WE make the choice to either do what is right (good) or what is wrong (evil). Satan tempts us to do what is wrong.
And one of those ways he tempts us to lose ground as we walk with God, is get us to let pride to take hold of our lives and Jesus illustrates the difference between pride and humility in Luke 18:9-14.
(READ THE PASSAGE)
One of the way that pride is used by Satan is to get us to move from humility to self-sufficiency. We can see this illustrated in this passage of scripture.
Notice first of all that the intent of the passage, according to Luke, was to take aim at individuals who had great self-confidence and scorned everyone else.
Now, there is nothing wrong with having self-confidence. Especially self-confidence rooted in the truth of who we are and can be in Christ.
We are His best work, created in God’s image, for God’s honor. We are valuable to Him and we matter to Him.
The problem really is the second half of that statement - the scorning of others.
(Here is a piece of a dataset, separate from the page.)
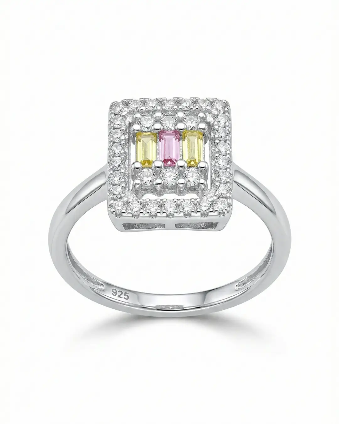 925 Silver Tricolor Baguette Halo Ring

Being self-confident is one thing, being arrogant, like the Pharisee was, is another.
The problem with pride is that it creates an attitude of self-sufficiency that basically says, " I can do it all! I don’t need anyone else’s help."
The Pharisee, by comparing himself to other types of people, elevated himself to a place of really not needing God - he could do it "by myself, thank you very much."
When self-sufficiency gains a foothold in our lives, then the kind of honesty we need in our lives to deal with reality is not there. We shut ourselves off from others who care about us and we shut ourselves off from God who cannot do anything for us because we are unavailable and unwilling to let him.
The result is isolation and quite frankly, an arrogance that creates even more isolation. One then becomes like a dam that creates a backup and blocks the flow of God’s spirit.
What God seeks to help us develop is humility. Now what is humility? It is an honest assessment of what we are with a willing embrace of accepting whose we truly are and what we truly can become through the power of God.
Humility is not a doormat, ’woe is me,’ mentality. It is not a constant berating of oneself. That is really a reverse sort of pride.
I think that it is harder to be truly humble because we take a risk of being used. But, take a look at the tax collector.
Like in our time, those responsible for collecting taxes were despised and hated. They were considered traitors to their people and they were considered as a lower class of individuals.
But, the honest confession of who he was helped him be open to the work of God in his life. He acknowledged that he was a sinner that he was alienated from God and he needed help.
When we are truly and healthfully humble about ourselves that enables God’s grace to be at work in our lives. Not so with the proud, the self-sufficient. They don’t need anybody.
Jesus recognized the difference in the two men and made the correct and truthful observation, "The proud will be humbled, but the humble will be honored."
How then do we not let self-sufficiency and pride take root in our lives and in our church?
1. We make the decision to be honest about ourselves and do our own confessing.
I have had several friends involved in various 12-step groups over the years. I have had the privilege of reading their material and setting in on some open meetings:
One of the phrases that they have in their literature is this one, "a way of living which demands rigorous honesty." For those who deal with any kind of an addiction, it requires a ’rigorous’ honesty that helps them admit to their problem, what causes the problem, and what they need to do to recover from their addiction.
I don’t know about you, but this sounds a great deal like the tax collector’s confession. He admitted that he had problems because he admitted he was a sinner, he wasn’t perfect, and that they only way that he could change is with God’s mercy and forgiveness. His "rigorous" honesty was not lost on God. It created the opening through which God could work.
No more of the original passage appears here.